What to work on: Copy out the data exactly, leaving the pictures behind.

Data below:
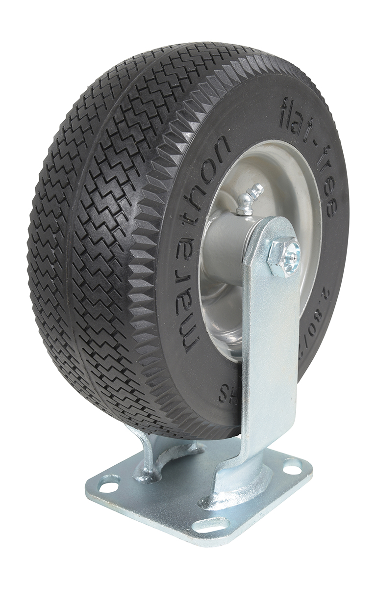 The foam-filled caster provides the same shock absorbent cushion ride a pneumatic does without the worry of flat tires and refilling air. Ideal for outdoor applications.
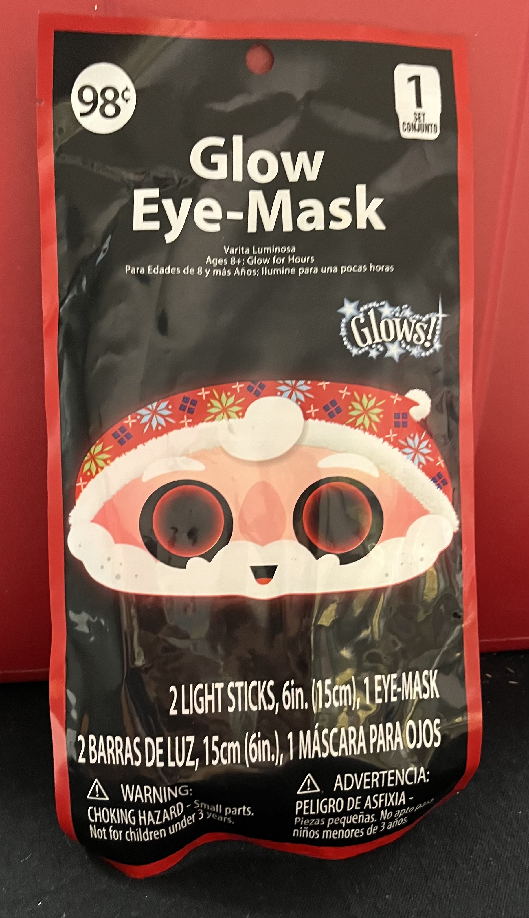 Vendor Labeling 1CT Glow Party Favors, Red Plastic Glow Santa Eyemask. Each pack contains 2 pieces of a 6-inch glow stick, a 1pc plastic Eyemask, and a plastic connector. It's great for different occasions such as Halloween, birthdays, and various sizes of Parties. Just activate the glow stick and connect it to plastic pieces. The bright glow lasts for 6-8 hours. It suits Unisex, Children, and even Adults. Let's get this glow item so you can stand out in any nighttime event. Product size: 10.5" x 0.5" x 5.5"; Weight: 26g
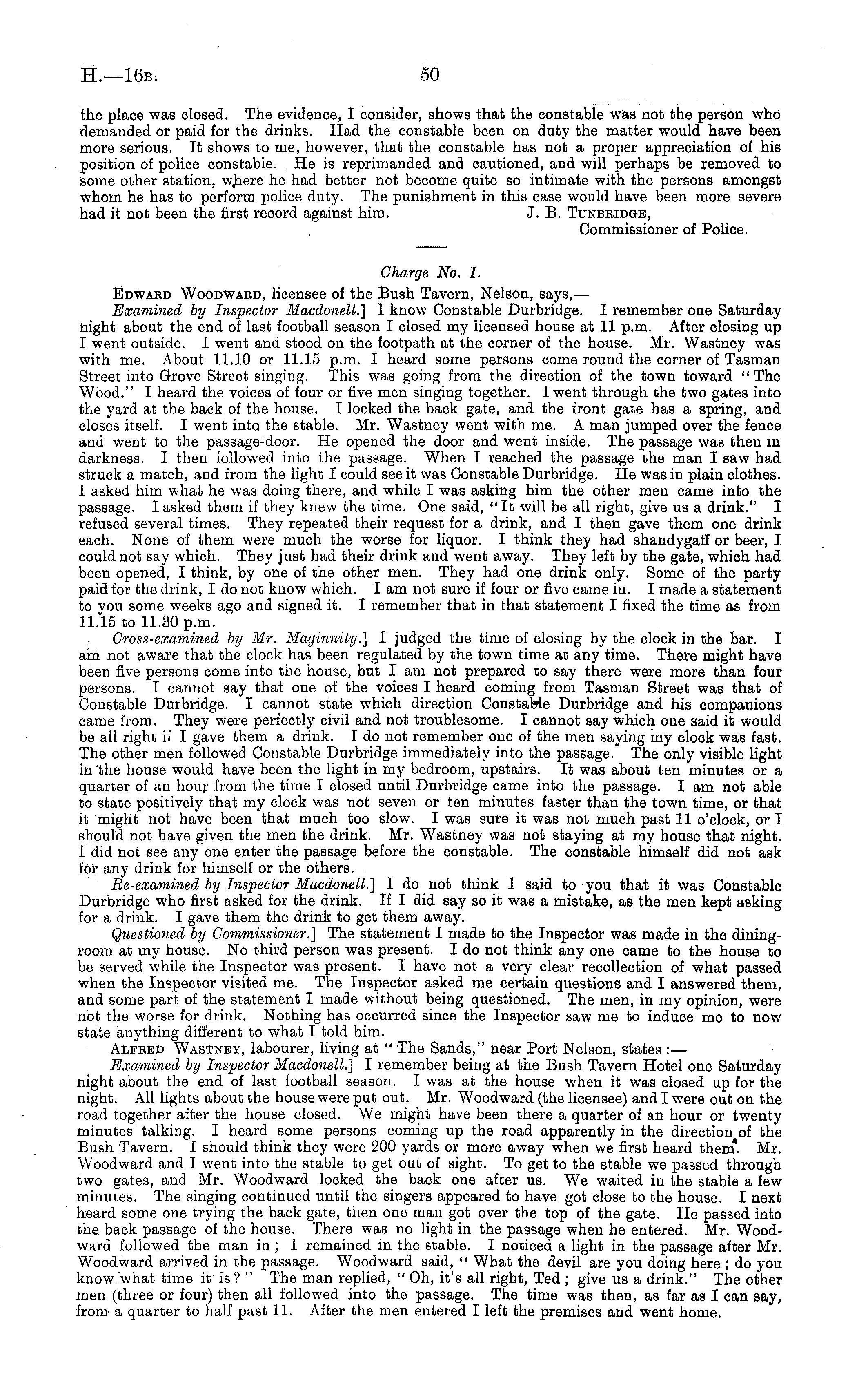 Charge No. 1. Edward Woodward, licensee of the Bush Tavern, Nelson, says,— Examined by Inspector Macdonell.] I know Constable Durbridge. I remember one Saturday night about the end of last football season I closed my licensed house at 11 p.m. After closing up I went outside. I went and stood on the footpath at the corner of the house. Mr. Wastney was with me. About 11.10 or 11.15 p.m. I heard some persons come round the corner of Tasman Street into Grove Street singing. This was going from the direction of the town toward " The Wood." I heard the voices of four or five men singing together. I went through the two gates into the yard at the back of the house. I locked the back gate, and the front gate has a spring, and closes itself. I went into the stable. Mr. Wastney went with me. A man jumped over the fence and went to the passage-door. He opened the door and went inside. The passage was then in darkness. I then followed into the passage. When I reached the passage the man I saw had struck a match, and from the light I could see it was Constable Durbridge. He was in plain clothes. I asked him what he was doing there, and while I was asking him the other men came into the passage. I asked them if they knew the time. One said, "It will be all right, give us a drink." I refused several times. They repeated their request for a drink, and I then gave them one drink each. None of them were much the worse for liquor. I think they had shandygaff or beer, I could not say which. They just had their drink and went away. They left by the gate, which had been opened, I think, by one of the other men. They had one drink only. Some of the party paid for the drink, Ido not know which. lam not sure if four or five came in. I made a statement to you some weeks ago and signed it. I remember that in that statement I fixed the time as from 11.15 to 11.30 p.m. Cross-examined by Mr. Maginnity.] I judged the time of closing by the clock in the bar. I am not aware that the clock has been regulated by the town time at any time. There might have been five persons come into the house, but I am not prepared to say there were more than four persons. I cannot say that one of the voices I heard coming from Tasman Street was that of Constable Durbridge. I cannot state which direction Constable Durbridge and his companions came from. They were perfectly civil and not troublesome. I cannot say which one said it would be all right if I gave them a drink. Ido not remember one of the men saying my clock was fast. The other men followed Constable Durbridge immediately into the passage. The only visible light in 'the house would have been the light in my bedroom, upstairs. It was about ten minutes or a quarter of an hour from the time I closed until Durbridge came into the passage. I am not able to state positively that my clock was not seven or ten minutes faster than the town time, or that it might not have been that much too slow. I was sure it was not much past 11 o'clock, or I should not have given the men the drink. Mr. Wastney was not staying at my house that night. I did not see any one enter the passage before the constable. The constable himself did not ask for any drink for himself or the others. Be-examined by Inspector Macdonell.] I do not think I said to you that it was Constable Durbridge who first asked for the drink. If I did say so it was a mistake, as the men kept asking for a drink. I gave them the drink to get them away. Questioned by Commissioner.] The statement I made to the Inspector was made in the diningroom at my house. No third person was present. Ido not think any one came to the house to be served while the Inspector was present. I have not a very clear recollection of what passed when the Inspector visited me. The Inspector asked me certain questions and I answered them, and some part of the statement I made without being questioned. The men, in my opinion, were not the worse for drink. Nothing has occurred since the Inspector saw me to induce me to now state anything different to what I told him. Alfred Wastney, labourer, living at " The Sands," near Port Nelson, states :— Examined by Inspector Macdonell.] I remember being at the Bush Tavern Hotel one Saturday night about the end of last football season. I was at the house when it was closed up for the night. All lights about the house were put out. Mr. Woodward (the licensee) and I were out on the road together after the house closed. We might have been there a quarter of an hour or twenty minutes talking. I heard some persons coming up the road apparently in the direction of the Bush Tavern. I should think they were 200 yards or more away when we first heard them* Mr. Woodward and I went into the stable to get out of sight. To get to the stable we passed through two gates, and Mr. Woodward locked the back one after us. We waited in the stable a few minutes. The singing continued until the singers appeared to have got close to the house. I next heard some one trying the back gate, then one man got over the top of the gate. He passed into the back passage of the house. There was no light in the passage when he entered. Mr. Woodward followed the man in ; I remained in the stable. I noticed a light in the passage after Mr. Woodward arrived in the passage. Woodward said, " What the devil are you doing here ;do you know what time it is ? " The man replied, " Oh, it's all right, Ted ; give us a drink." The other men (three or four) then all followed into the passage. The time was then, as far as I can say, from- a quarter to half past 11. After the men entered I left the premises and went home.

Problem solution:
 The foam-filled caster provides the same shock absorbent cushion ride a pneumatic does without the worry of flat tires and refilling air. Ideal for outdoor applications.
 Vendor Labeling 1CT Glow Party Favors, Red Plastic Glow Santa Eyemask. Each pack contains 2 pieces of a 6-inch glow stick, a 1pc plastic Eyemask, and a plastic connector. It's great for different occasions such as Halloween, birthdays, and various sizes of Parties. Just activate the glow stick and connect it to plastic pieces. The bright glow lasts for 6-8 hours. It suits Unisex, Children, and even Adults. Let's get this glow item so you can stand out in any nighttime event. Product size: 10.5" x 0.5" x 5.5"; Weight: 26g
 Charge No. 1. Edward Woodward, licensee of the Bush Tavern, Nelson, says,— Examined by Inspector Macdonell.] I know Constable Durbridge. I remember one Saturday night about the end of last football season I closed my licensed house at 11 p.m. After closing up I went outside. I went and stood on the footpath at the corner of the house. Mr. Wastney was with me. About 11.10 or 11.15 p.m. I heard some persons come round the corner of Tasman Street into Grove Street singing. This was going from the direction of the town toward " The Wood." I heard the voices of four or five men singing together. I went through the two gates into the yard at the back of the house. I locked the back gate, and the front gate has a spring, and closes itself. I went into the stable. Mr. Wastney went with me. A man jumped over the fence and went to the passage-door. He opened the door and went inside. The passage was then in darkness. I then followed into the passage. When I reached the passage the man I saw had struck a match, and from the light I could see it was Constable Durbridge. He was in plain clothes. I asked him what he was doing there, and while I was asking him the other men came into the passage. I asked them if they knew the time. One said, "It will be all right, give us a drink." I refused several times. They repeated their request for a drink, and I then gave them one drink each. None of them were much the worse for liquor. I think they had shandygaff or beer, I could not say which. They just had their drink and went away. They left by the gate, which had been opened, I think, by one of the other men. They had one drink only. Some of the party paid for the drink, Ido not know which. lam not sure if four or five came in. I made a statement to you some weeks ago and signed it. I remember that in that statement I fixed the time as from 11.15 to 11.30 p.m. Cross-examined by Mr. Maginnity.] I judged the time of closing by the clock in the bar. I am not aware that the clock has been regulated by the town time at any time. There might have been five persons come into the house, but I am not prepared to say there were more than four persons. I cannot say that one of the voices I heard coming from Tasman Street was that of Constable Durbridge. I cannot state which direction Constable Durbridge and his companions came from. They were perfectly civil and not troublesome. I cannot say which one said it would be all right if I gave them a drink. Ido not remember one of the men saying my clock was fast. The other men followed Constable Durbridge immediately into the passage. The only visible light in 'the house would have been the light in my bedroom, upstairs. It was about ten minutes or a quarter of an hour from the time I closed until Durbridge came into the passage. I am not able to state positively that my clock was not seven or ten minutes faster than the town time, or that it might not have been that much too slow. I was sure it was not much past 11 o'clock, or I should not have given the men the drink. Mr. Wastney was not staying at my house that night. I did not see any one enter the passage before the constable. The constable himself did not ask for any drink for himself or the others. Be-examined by Inspector Macdonell.] I do not think I said to you that it was Constable Durbridge who first asked for the drink. If I did say so it was a mistake, as the men kept asking for a drink. I gave them the drink to get them away. Questioned by Commissioner.] The statement I made to the Inspector was made in the diningroom at my house. No third person was present. Ido not think any one came to the house to be served while the Inspector was present. I have not a very clear recollection of what passed when the Inspector visited me. The Inspector asked me certain questions and I answered them, and some part of the statement I made without being questioned. The men, in my opinion, were not the worse for drink. Nothing has occurred since the Inspector saw me to induce me to now state anything different to what I told him. Alfred Wastney, labourer, living at " The Sands," near Port Nelson, states :— Examined by Inspector Macdonell.] I remember being at the Bush Tavern Hotel one Saturday night about the end of last football season. I was at the house when it was closed up for the night. All lights about the house were put out. Mr. Woodward (the licensee) and I were out on the road together after the house closed. We might have been there a quarter of an hour or twenty minutes talking. I heard some persons coming up the road apparently in the direction of the Bush Tavern. I should think they were 200 yards or more away when we first heard them* Mr. Woodward and I went into the stable to get out of sight. To get to the stable we passed through two gates, and Mr. Woodward locked the back one after us. We waited in the stable a few minutes. The singing continued until the singers appeared to have got close to the house. I next heard some one trying the back gate, then one man got over the top of the gate. He passed into the back passage of the house. There was no light in the passage when he entered. Mr. Woodward followed the man in ; I remained in the stable. I noticed a light in the passage after Mr. Woodward arrived in the passage. Woodward said, " What the devil are you doing here ;do you know what time it is ? " The man replied, " Oh, it's all right, Ted ; give us a drink." The other men (three or four) then all followed into the passage. The time was then, as far as I can say, from- a quarter to half past 11. After the men entered I left the premises and went home.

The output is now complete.